タイトルにある疑問、小学生のみなさんは考えたことがありませんか? 勉強以外の習い事や遊びにもっと時間を割きたいと思ったときなんかに考えてしまうのではないでしょうか。この疑問に対して、誠実で正直者な私は講師職について20年近くずっと同じことを返答します。「そりゃ将来金を稼ぐためでしょ」と。自分や家族がいいなと思う中学校に行って、そこで平均より圧倒的にいい環境でさらに学習をして、そこからやっぱり圧倒的に就職に有利な大学に行って、自分の興味のある職に就いて金を稼ぐ! 高確率で幸せ!! 大事なことですよね(あ、合格は決してゴールではないってここでわかりますよね?)
まぁこれしか書かないとヤマサワの脳内がカネカネカネでできているように誤解されてしまいそうなので、そうじゃないことも考えているよ、と一応アピールしておきましょう。何のために学習をするのか? 「騙されないようにするため」という理由もありますね。ちょっと消極的な理由かな~とおもいつつも、これも大事なことですよね。○○詐欺~みたいなニュース、よく見かけます。どうしても悪い人はいるもので、そういう悪い人に騙されないようにするためにも知恵、考える力をつけておくべきです。私は算数科の人間なので、算数に関係するちょっと騙されそうなものをみなさんに紹介します。せっかくなのでこの場で少し考える力を身につけちゃいましょう。
「L(リットル)」という単位がありますね。かさ(体積)の単位です。「1Lってこのくらい!」という大きさを想像してみてください。多くの人が冷蔵庫に入っている牛乳やジュースのパックを想像するのではないでしょうか。それなりに高さもありますよね。さて、この1Lを「mL(ミリリットル)」という単位に換算すると1000mLになることはかさの学習をしている2年生~6年生の人は知っているでしょう。さらに「㎤(立方センチメートル)」という単位がこのmLと同じ大きさを表すことも3年生以降で習いますね。かさが1000㎤になる立方体の1辺の長さは、□×□×□=1000で考えられます。低学年でもかけ算を知っている人は、□にあてはまる数を考えてみてください。10×10×10=1000になりますね! つまり1辺の長さが10㎝の立方体のかさ(体積)が1Lなのです。1辺の長さが10㎝の立方体がどんな大きさなのか、定規などを使って調べてみてください。……思ったよりちっちゃくない? もちろん1Lの牛乳パックには、当たり前ですがパックにパンパンに牛乳が入っているわけではないので、容積(パンパンに牛乳を入れたときの牛乳の量)は1Lよりも多いはずです。
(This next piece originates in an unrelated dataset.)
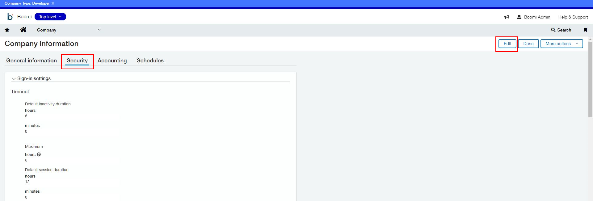 - From the Company Information menu, select Security, then Edit.
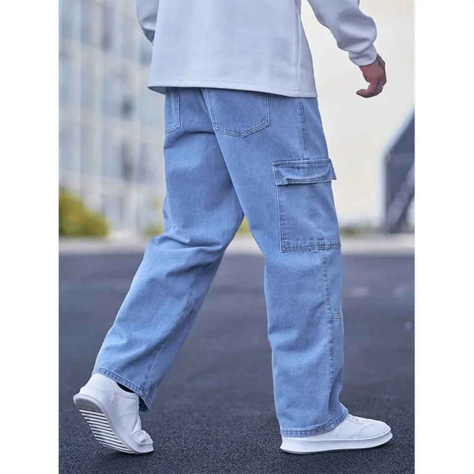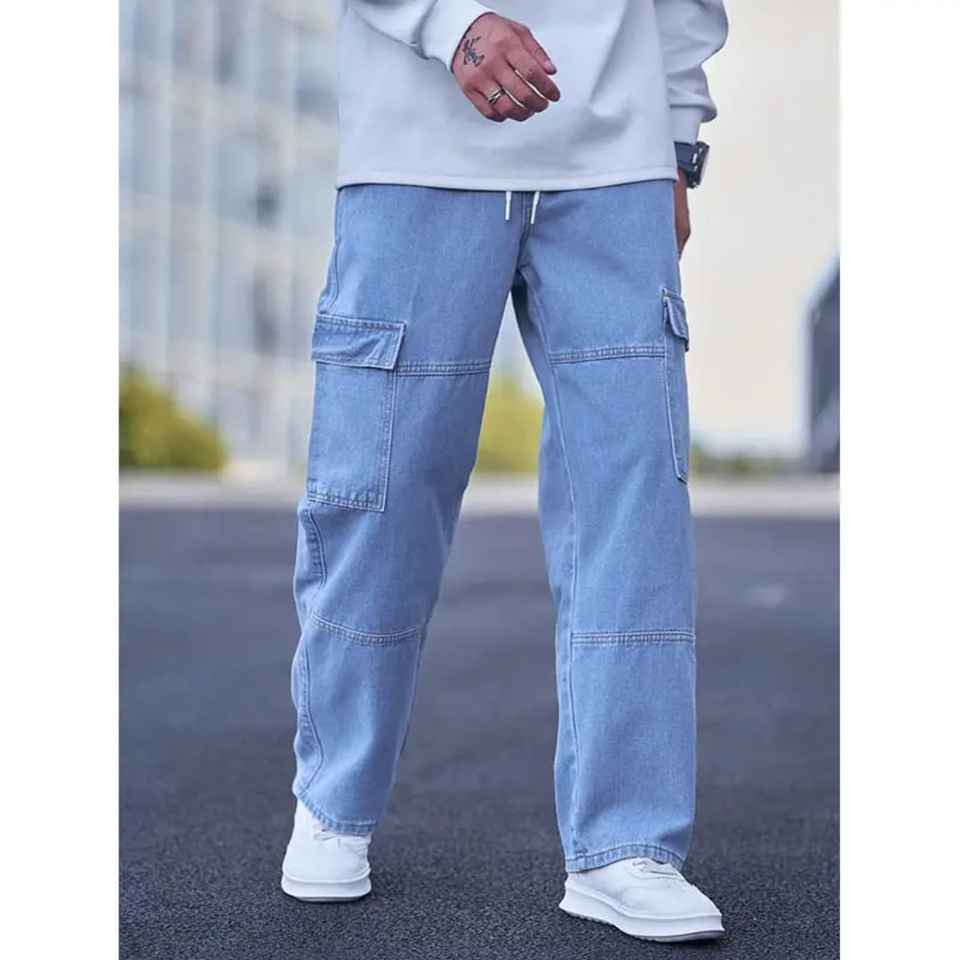 กางเกงยีนส์คาร์โก้ผู้ชายทันสมัยทรงหลวมทนทานกางเกงยีนส์กระเป๋ายูทิลิตี้สำหรับฮิปฮอปโกธิคปาร์ตี้ผจญภัยกลางแจ้งชุดทำงาน

だから思ったより小さくても当たり前と言えば当たり前ですが、それをふまえても小さく見えるでしょう。しっかり計算のできる人は、ぱっと見の大きさで騙されにくくなりますね。
もうひとつ例を出しましょう。みなさんは「確率」という言葉を聞いたことがありますか? 天気予報で使われている「降水確率」などのアレです。小学校6年生で「確からしさ」という言葉で学習します。たとえば普通のさいころを1回投げて2が出る確率は、1/6(6分の1)、というように表現します。同じように、2以下が出る確率は2/6=1/3、4以上が出る確率は3/6=1/2ですから、「2以下より4以上の方が出る確率が高い」と言うことができます。
では問題です。ハートのA、スペードのA、クラブのA、ダイヤのAの4枚のトランプが袋に入っています。この中から2枚のトランプを取り出すとき、同じ色が出る確率とちがう色が出る確率ではどちらが高いでしょう。同じ色もちがう色も同じ1/2? 黒と黒、黒と赤、赤と赤があるから同じ色が2/3でちがう色が1/3? こんなふうに考えているうちに混乱してしまいますね……。なおどちらも不正解です。
2枚のトランプを取り出す、というのはよく考えると1枚のトランプを取り出し、その次の瞬間にもう1枚取り出す、というのと同じです。つまり1枚目、2枚目という言い方ができます。1枚目がハートのAだったとすると、2枚目が同じ色になるのは残り3枚のうちダイヤのAのみです。1枚目がスペードのAだったとすると、2枚目が同じ色になるのも残り3枚のうちクラブのAのみです。このように考えると、1枚目のカードと同じ色を2枚目のカードにつかむ確率は実は1/3なんですね。人によっては自分の感覚とちがう答えで戸惑ってしまうかもしれません。確率の計算をすることができれば、こういったところで騙されにくくなるわけです。
いかがでしたでしょうか。算数のほんの一部を紹介しただけですが、勉強するとこのような生活の知恵をつけられるわけです。たくさん学習して、騙されない頭をつくり、むしろ自分を騙そうとする人を騙し返して撃退しちゃいましょう! ……いや決して「人を騙せるようになれ!」というわけではないですよ!!
「何のために学習をするのか」? それはいろいろなことを知って、人生を豊かに幸せにするため。算数だけじゃないです。国語も、理科も社会もいろいろあります。ほら、ヤマサワはカネカネカネじゃないでしょう?